# Stepper motor reducing torque

I have a 5V stepper motor with a 1/64 gear reduction; it looks like this: When at rest, I can't turn the shaft with my fingers. However, when the shaft turns, I can. It seems that the torque is lower when it's turning - how come this is the case? Isn't torque dependent on the gear reduction irrespective of the shaft's motion?

• Inductance. The faster you go, the lower the peak current (and hence torque) will be as the impedance of the winding inductance increases. – Tom Carpenter May 15 '16 at 2:20
• Exactly, to maintain torque during rotation requires a current-mode (typically chopping) driver which can call upon a substantially higher voltage to achieve a rise of current through the inductance rapidly during each now briefer step duration. With a 64x gear reduction, the motor inside has to spin and step fairly quickly to achieve a moderate external speed, and this may be a fairly high-inductance motor, so the effect will occur rather early. – Chris Stratton May 15 '16 at 3:14
• A 1/64th gear ratio is a lot to try and run in reverse, that is from output shaft to the motor. I bet with the motor off you cannot turn the shaft with your own fingers. When active, Tom Carpenter has a good answer. – Sparky256 May 15 '16 at 5:02
• @Sparky256 Do you mean that it takes more effort to run in reverse? Can't spur gears run in both directions? – John M. May 15 '16 at 5:48
• Does 'at rest' mean with the motor powered but stationary (holding position), or unpowered? What driver circuit are you using? – Bruce Abbott May 15 '16 at 16:58

It all comes down to inductance. But first lets recap on motors.

You can think of a stepper motor as essentially two independent L-R circuits - one for each phase. The inductor represents the windings (windings = coil = inductor), and a resistance which represents a mixture of resistive losses (winding resistance, etc.) and mechanical power. For maximum torque you want to get as much mechanical power out of the motor as possible, which means you want the "resistor" in the L-R circuit to dissipate as much power as possible.

However you have an inductor in the circuit, what effect does that have? Recall that the voltage across an inductor is given by:

$$v_L = L \frac{\mathrm{d}i}{\mathrm{d}t}$$

In other words, the faster you try to change the current, the higher the voltage drop of an inductor.

In our simple motor model, the supply voltage is shared between the inductance and the resistance. The higher the voltage drop of the inductor, the lower the voltage drop of the resistance, and hence the lower the power output of the motor (and by extension torque). So if you try to change the current faster and faster, more and more voltage is dropped across the inductance, and so there is less power output from the motor.

We can see this in the diagram below which shows the voltage across the inductor and current through the resistor vs. time - notice how it takes time for the peak current to be reached. You can read more here.
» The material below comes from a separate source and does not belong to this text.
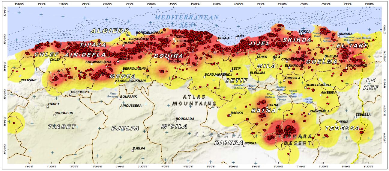 The maps produced by UNITAR/UNOSAT represent density of fire events in North Algeria between 1 June and 23 August 2012 and fire scars as of 18 August 2012. They are accompanied by graphs representing a complete history of MODIS fire detections from an aggregate of the Charter area of interest, summarized by daily total fire detections during 1 January 2000 - 23 August 2012.
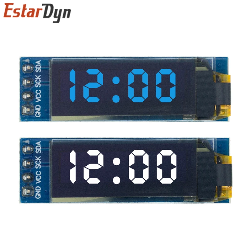 OLED-дисплей, подсветка не требуется, самоосвещение, производительность дисплея лучше, чем у традиционного ЖК-дисплея, а также более низкое потребление. ИС драйвера: SSD1306 Размер: 0,91 дюйма Разрешение OLED: 128x32 Интерфейс IIC Цвет дисплея: синий Pin Описание: GND: Заземление питания VCC: Питание + (3,3 ~ 5 В постоянного тока) SCL: линия часов SDA: Линия передачи данных

Now recall what happens when the motor is moving. Unlike a DC motor, with a stepper we are sequencing the windings - turning them on and off and/or reversing the polarity. Clearly each time we 'step', the current will change in winding, which as we have seen above reduces the output power.

If the speed is low (or stopped), the current has time to rise to its peak before the next step. However if the speed is high, the step time shorter than $5\tau$ in the above diagram, the current doesn't have time to reach its peak and hence the peak power output drops. And this is where your problem lies.

With such a high gear ratio, the motor has to spin very fast compared to the output, and so you lose a lot of torque in the process - an at some point you lose more torque due to the switching speed than you gain from the gearbox.

So how do we deal with the problem? Well, modern stepper motor drivers use a much higher voltage than the motor is rated for, but they ensure that the current is limited to within the motors ratings. It does this using PWM (a chopper circuit). This allows the voltage drop across the "resistance" to reach its peak much faster as there is more voltage shared between the inductor and resistor. As a result, you can run the motor faster while still maintaining torque.

The current limiting is done by measuring the current through the coil and turning the supply off just before it goes too high for the motor. The current will then slowly start decaying again, at which point the supply is turned on again, and so on - essentially PWM, with the duty cycle being adjusted to ensure the current is limited to safe levels.

Drivers such as the DRV8825 and A4988 which are common amongst hobbyists use this technique to allow for higher top speeds.